Resurrecting this thread briefly to answer Carol's inquisition on origins, and to catch more clues on Michael Marotta's forefathers and foremothers. Like Carol, I have a not-so-secret interest in 'heritage,' having been born in a major knot of aboriginal cultures (Prince Rupert, 1958) and having heard lore of the Norwegian Village. I am afraid to look to see if I have already answered Carol, but will check this answeragainst earlier remembrance.

I wonder, having had my uncle Jack stamp out some family myths of origin, how many families have soft spots in their narratives and lore of 'who we are and how we got here.' The family historian until her death, my auntie Shirley, she stressed our English roots for some reason, perhaps aspiring to a genteel middle class correctitude associated with the old country. So she gave us absolutely nothing based on Nana's old-country cookery, just Melton Mowbray pies and Baked Pudding with Hard Sauce that she had learned from a book. The most ethnic she got was imported American Velveeta.

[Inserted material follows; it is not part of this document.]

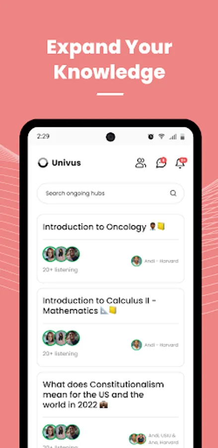 With Univus you can start live topics to discuss with others๐, build a following๐ฅ, and discover new friends in other universities ๐ซ.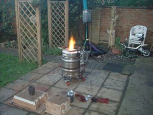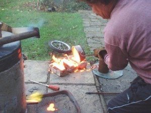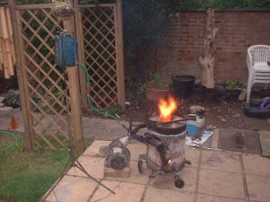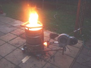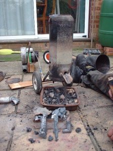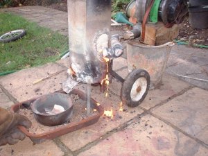 The other pics show my present furnace (although it has been modified a lot since) "batch melting" iron using coke. This was the first attempt which was a complete success (that surprised the hell out of me!!). I decided the cupola was too small and fiddley and gave it away (it melted around 6-7 lbs per charge) but it was fun. Batch melting in the other one although working well is very hard on the lining (it has cracked in a few places, probably due to the thermal shock caused by knocking the bottom out when very hot and the cold air rushing in the bottom as the hot air shoots out the top). Around 20lbs. of iron seems about max. with the bed height. |

My maternal grandmother's forebears were Kilpatricks but apparently they were English protestants since the 18th century, and the rest of my uneventful ancestors (except the tarred and feathered one in 1781 - thanks a lot, Sons of Liberty) were Scots, English or Passamaquoddy (conjecture here but highly likely).

I love genealogy stuff (I am an addict of "Who do you think you are?" on TV, and have already guessed some of yours from your names.

[ . . . ]

Scherk - Swiss, Dutch, German,

Transylvanian?

No, but. Yes, but. Yes, but. And no.

Scherk itself is the same as Sherk, Shirk and a few other respellings. The greatest concentration of Scherks is in southern Ontario. None of my elder Scherk's spoke other than English in my memory, but I assume a German-land, as we are associated with Pennsylvania Dutch (Deutsch) and the Mennonite sect. Apparently in the recent centuries, my Scherk family had origins in southern Ontaria via Pennsylvania via Netherlands. In the mix were a Belgian (Walloon) maternal admixture. The Anabaptists had to head for the hills if from Germany, the hills led them to other regions less hostile to the sects over time. Scherks are to be found from Serbia to France, and through Hungary to the Carpathians.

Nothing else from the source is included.